• [Exercise directions] Where the line holding "广发基金吴兴武旗下广发保健A年报最新持仓,重仓百利天恒" appears, start copying, and continue exactly through the last line of the listing, skipping pictures.

• [Material provided]
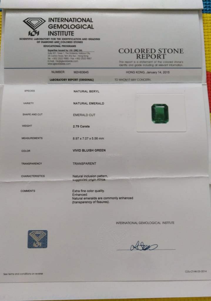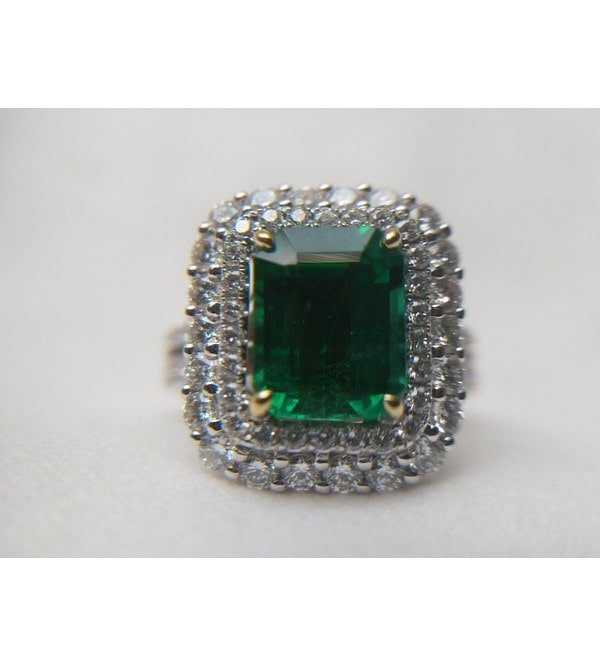 2.79 Cts Vivid Green Emerald Octagon Shape Gemstone From Zambia 1.124 Cts Diamond Ring in 18k Gold Jewelry Gross Wt. 7.86 Gms
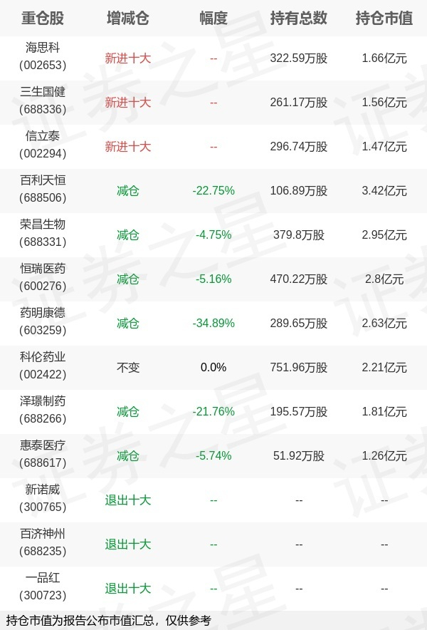 广发基金吴兴武旗下广发保健A年报最新持仓,重仓百利天恒
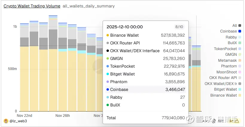随着 meme 币热潮消退,高频交易用户开始大批流向费率更低、激励手段更强的交易所系钱包。在交易所的生态闭环面前,独立玩家的生存空间被不断压缩。
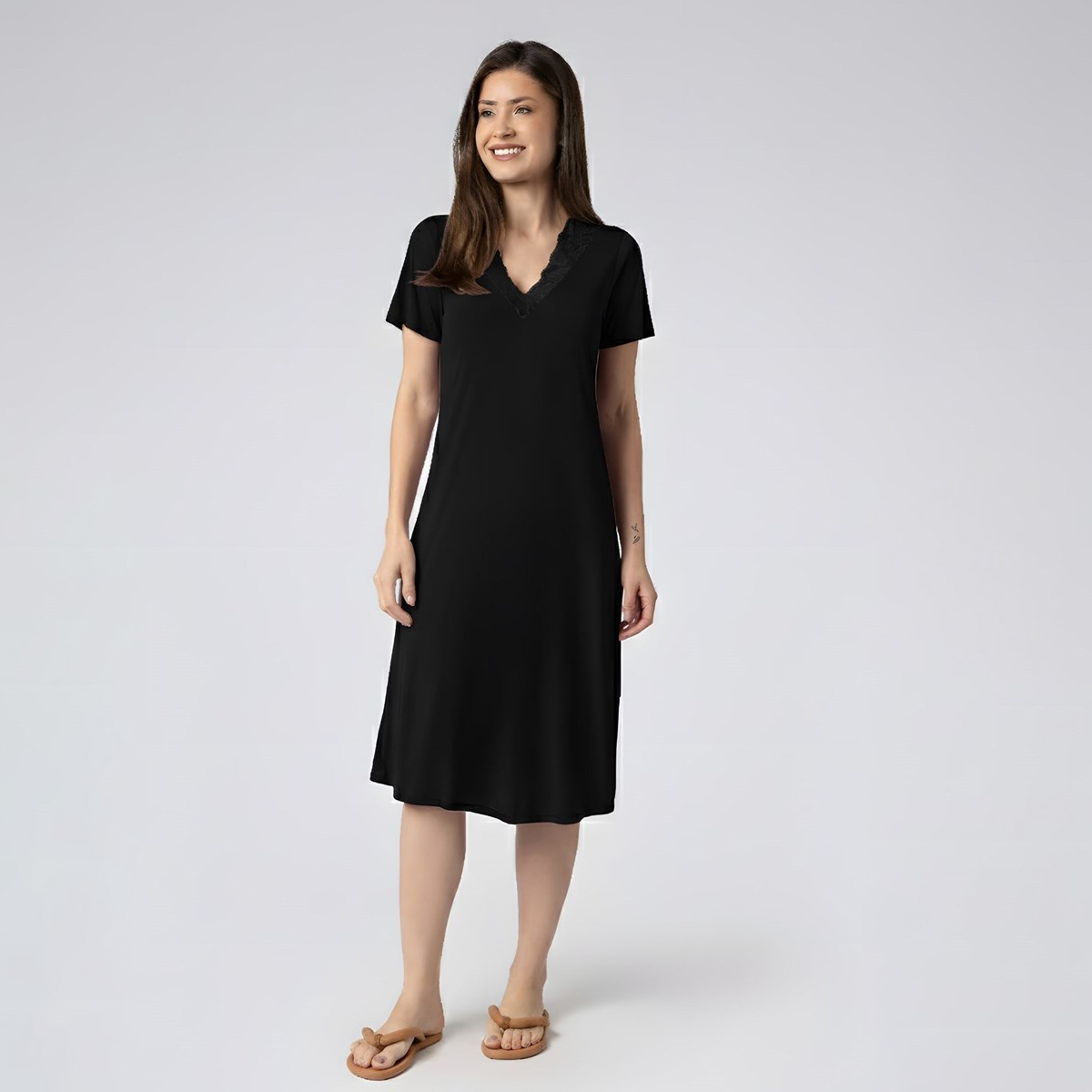 Com decote em ‘V’ com renda delicada e manga curta, o modelo, em microfibra poliamida, valoriza o busto com caimento leve. A cor preta traz delicadeza para momentos de descanso.

• [Result of this exercise]
 广发基金吴兴武旗下广发保健A年报最新持仓,重仓百利天恒
随着 meme 币热潮消退,高频交易用户开始大批流向费率更低、激励手段更强的交易所系钱包。在交易所的生态闭环面前,独立玩家的生存空间被不断压缩。
 Com decote em ‘V’ com renda delicada e manga curta, o modelo, em microfibra poliamida, valoriza o busto com caimento leve. A cor preta traz delicadeza para momentos de descanso.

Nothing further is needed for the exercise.